Tenaris S.A.
- Company type: Société Anonyme
- Traded as: BIT: TEN; NYSE: TS; BMV: TS; FTSE MIB;
- Industry: Oilfield services
- Founded: 17 December 2001; 24 years ago
- Headquarters: Luxembourg City, Luxembourg
- Area served: Worldwide
- Key people: Paolo Rocca (Chairman and CEO)
- Products: Steel pipes
- Revenue: US$14.868 billion (2023)
- Operating income: US$4.3 billion (2023)
- Net income: US$3.918 billion (2023)
- Total assets: US$21.081 billion (2023)
- Total equity: US$16.842 billion (2023)
- Owner: Techint (60.45%)
- Number of employees: 29,134 (2023)
- Website: tenaris.com

= Tenaris =

Manufacturer of steel pipes

Tenaris S.A., organized in Luxembourg, is a manufacturer and supplier of steel pipes and related services for the petroleum industry. The company produces and ships over 4 million tons of pipes annually. In 2024, sales to customers in North America accounted for 46% of sales, compared with 19% in South America, 26% in Asia-Pacific, and 10% in Europe.
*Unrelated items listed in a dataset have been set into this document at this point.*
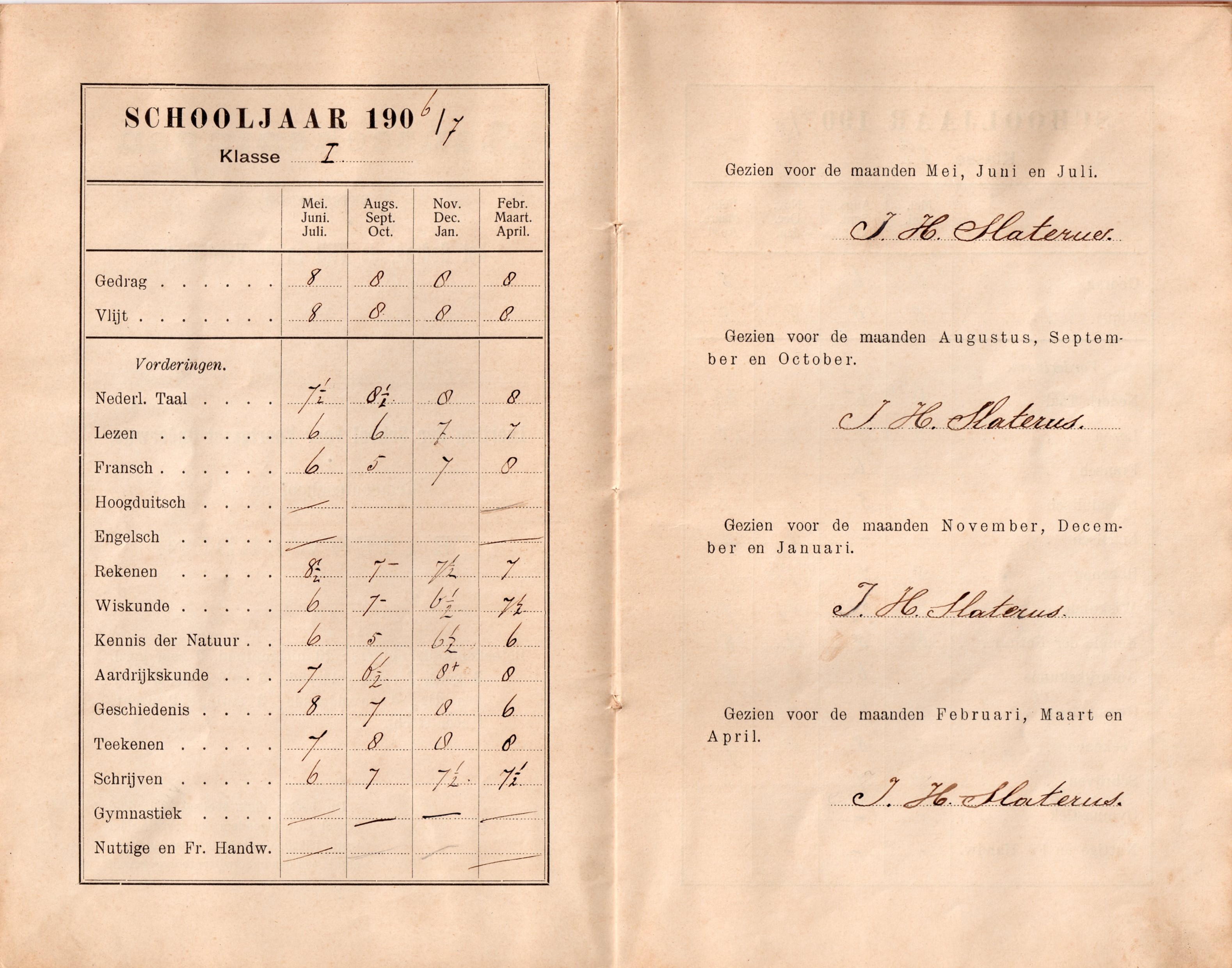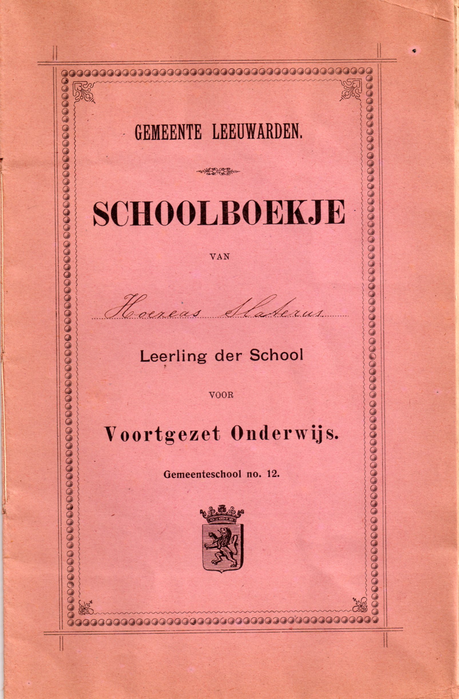 In 1906 kwam de nieuwbouw van de Gemeenteschool no. 12 aan Achter de Hoven klaar. In hetzelfde jaar kwam mijn opa, Hoezeas Slaterus, hier op school in de eerste klas. Uit zijn rapport van 1906 blijkt dat toen het schooljaar begon in mei en was opgedeeld in vier trimesters. Hij haalde goed cijfers. Alleen het Hoogduitsch, dat in het tweede schooljaar begon, beheerste hij minder goed: tweemaal een onvoldoende (een 5). Zijn favoriete vakken waren Aardrijkskunde (een 9 in het derde jaar) en Teekenen (een 8 1/2).
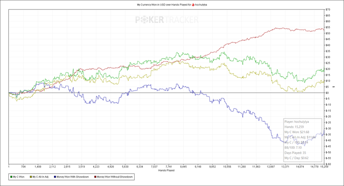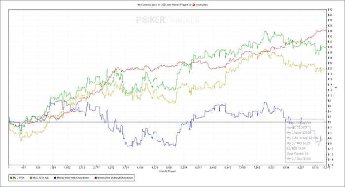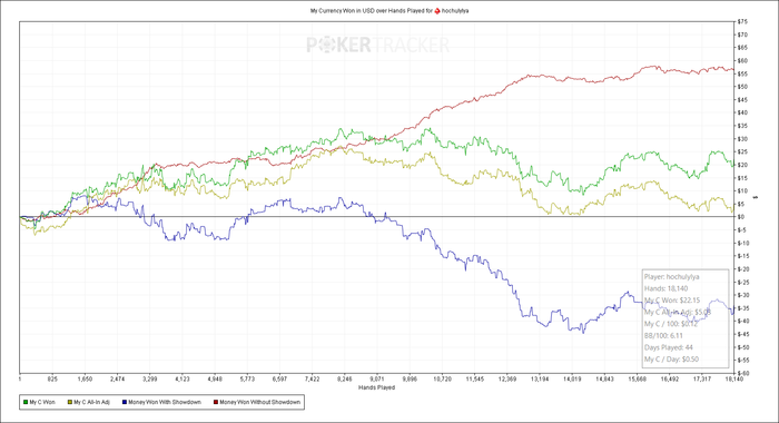 нырнул в базу из моих скромных 8k рук и посмотрел как я сыграл эти злосчастные неплохие руки в 3бет поте без позиции. Оказалось, что таковых рук набралось не очень то и много, всего 43 руки. И вот что я увидел...
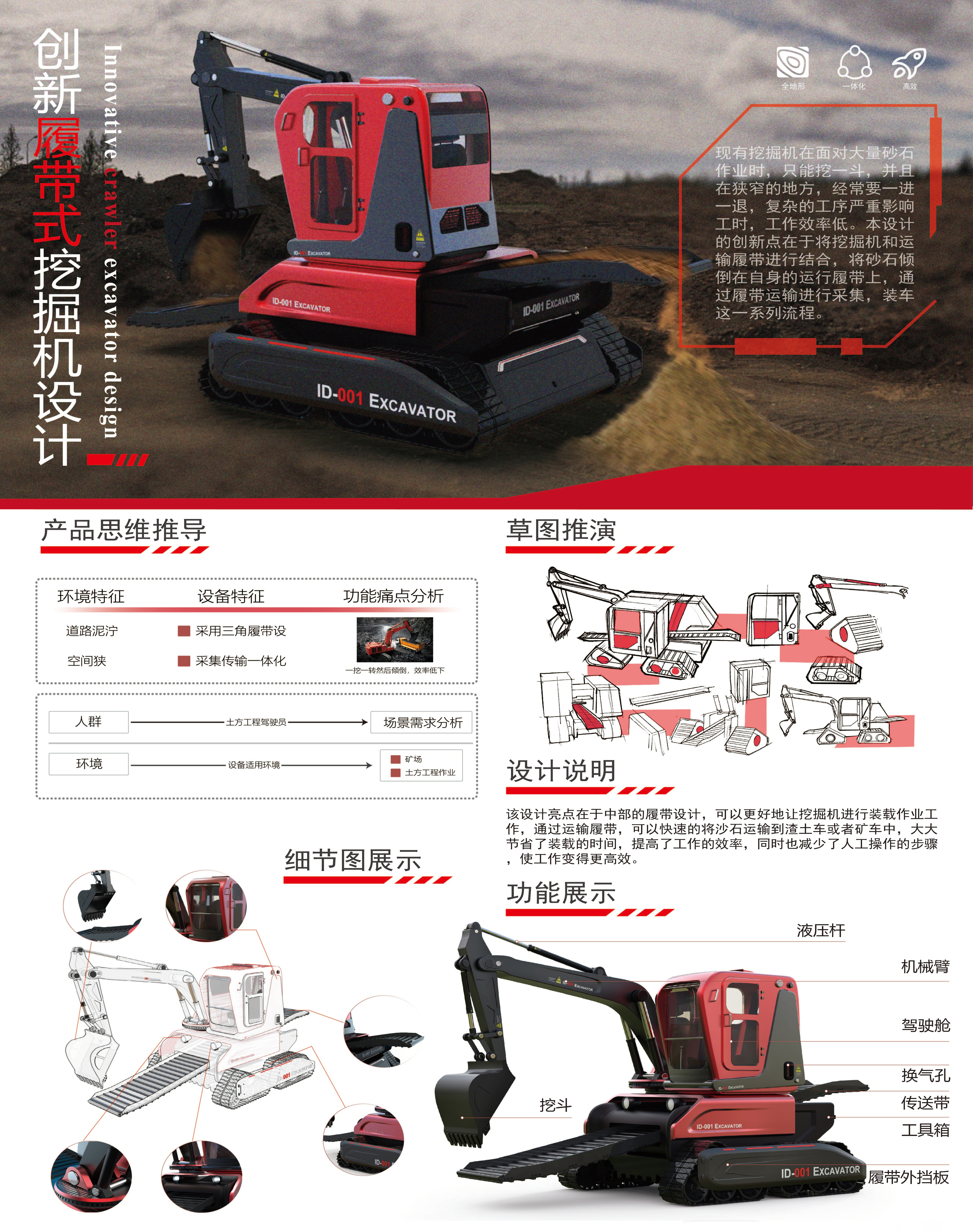 该设计亮点在于中部的履带设计,可以更好地让挖掘机进行装载作业工作,通过运输履带,可以快速的将沙石运输到渣土车或者矿车中,使工作变得更高效,节省了装载的时间,提高了工作的效率,同时也减少了人工操作的步骤。
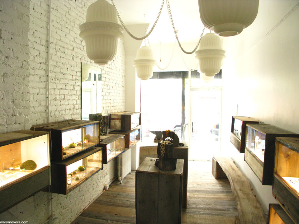Lisa Linhardt Jewelry store design, East Village, NYC. We created everything in this shop, made mostly from old Maine barn wood. The lighted, locking cases, the floor, the display stands, the counter, the door handle, the bench, etc. The hanging lights were made by screwing two plastic urn planters together and wiring them with retractile cord.
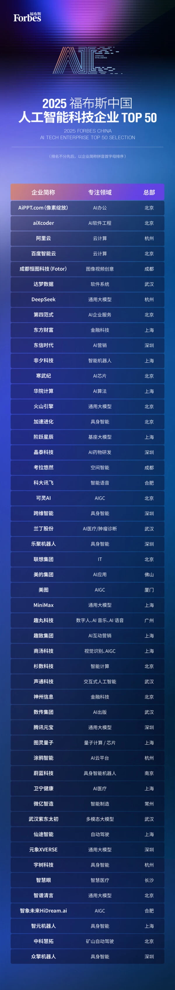 以下为"2025福布斯中国人工智能科技企业TOP 50评选"结果:

Tenaris is controlled by Techint and holds minority interests in Ternium, Usiminas, and Techgen. Its shares are listed on the New York Stock Exchange, Borsa Italiana, and the Mexican Stock Exchange, and are included in the FTSE MIB index.

==History==
Tenaris traces its roots to the formation of Siderca, the sole Argentine producer of seamless steel pipe products by the predecessor of San Faustin in 1948. Tenaris was organized on December 17, 2001.

In June 2006, the company acquired Maverick Tube for $3.185 billion.
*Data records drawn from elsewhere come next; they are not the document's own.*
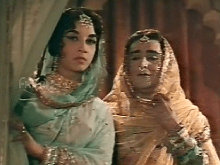The ladies, Mala Sinha, Shashikala, and Minoo Mumtaz. All are very pretty, and the first two have substantial roles too (Mala Sinha was nominated for a Filmfare award for Best Actress for her role as Jahanara). And yes, Aruna Irani is very cute. According to IMDB, she was only 12 years old when Jahanara was made.
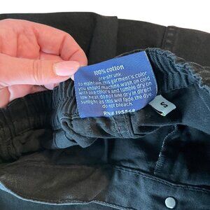 Gently worn with light overall wash fade, especially along seams and fly area. Fabric clean and intact with no stains, holes, or fraying; button, zipper, and elastic waistband all function properly.
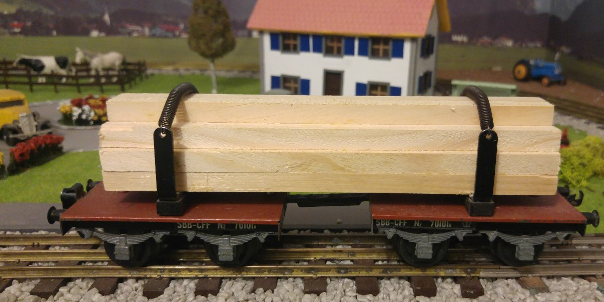 Ce wagon, destiné au transport de longs bois ou d’autres chargements longs et rigides tels que des poutrelles métalliques, etc., est formé de deux chariots à deux essieux de faible longueur, munis d'une paire de ranchers pivotants au centre de chacun des deux chariots, qui sont réunis par une barre d'attelage de longueur réglable, permettant ainsi à ce « wagon double » de transporter des éléments d’une pièce de très grande longueur et ne pouvant donc pas être placés sur un wagon plat à deux ou à quatre essieux de longueur habituelle. Pour la petite histoire, alors que tous les wagons marchandises BUCO sont munis d'un marquage CFF, tout d'abord simplifié pour les premiers wagons produits (wagons-citernes à deux essieux et bi-foudres), puis enfin nettement plus réaliste au fil des années, le N2 n'a, par contre, jamais été muni de la moindre immatriculation ; c'est la raison pour laquelle, j'ai réalisé ces inscriptions (toutefois quelque peu simplifiées par rapport au wagon original) au moyen du fichier « Excel » de mon PC, en me basant sur une photographie du wagon réel, afin que ce modèle soit compatible avec ceux de ma collection, soit : SBB-CFF, N2, 70101 A (premier chariot) et SBB-CFF, N2, 70101 B + le sigle encadré « T » (autorisant le trafic international) sur le deuxième chariot. Ainsi terminé, il a fière allure. Selon le Règlement sur la Circulation des Trains (RCT), en raison de sa conception particulière (entre autres dans la réalité absence de frein à air comprimé – seuls figurent la paire de boyaux de la "conduite blanche", ainsi que les freins extérieurs d'immobilisation manuellement actionnés par un levier latéral sur chacun des chariots -), ce wagon doit obligatoirement être placé en queue de convoi.

In September 2006, it sold 75% of Dalmine, its Italian energy supply business, to E.ON for €39 million.

In 2007, the company acquired Hydril for $2.16 billion. The pressure control business was sold to GE Oil and Gas in April 2008.

In January 2020, the company acquired IPSCO Tubulars from OAO TMK for $1.2 billion.

==Controversies==
===Bribery settlement===
In May 2011, Tenaris agreed to pay the United States Department of Justice US$8.9 million in the first ever deferred prosecution agreement with the U.S. Securities and Exchange Commission, after Tenaris voluntarily disclosed details of bribes made to officials of an Uzbek state-controlled oil firm to obtain competitor's bid information, which it used to submit revised bids in order to secure tenders.

===Violence at TenarisTamsa facility===
On several occasions, melees broke out at the TenarisTamsa facility in Veracruz, Mexico, over a dispute for union leadership between Pascual Lagunes Ochoa and José Carlos Guevara Malpica ("El Profe"), a convicted felon. These melees have resulted in injuries and deaths.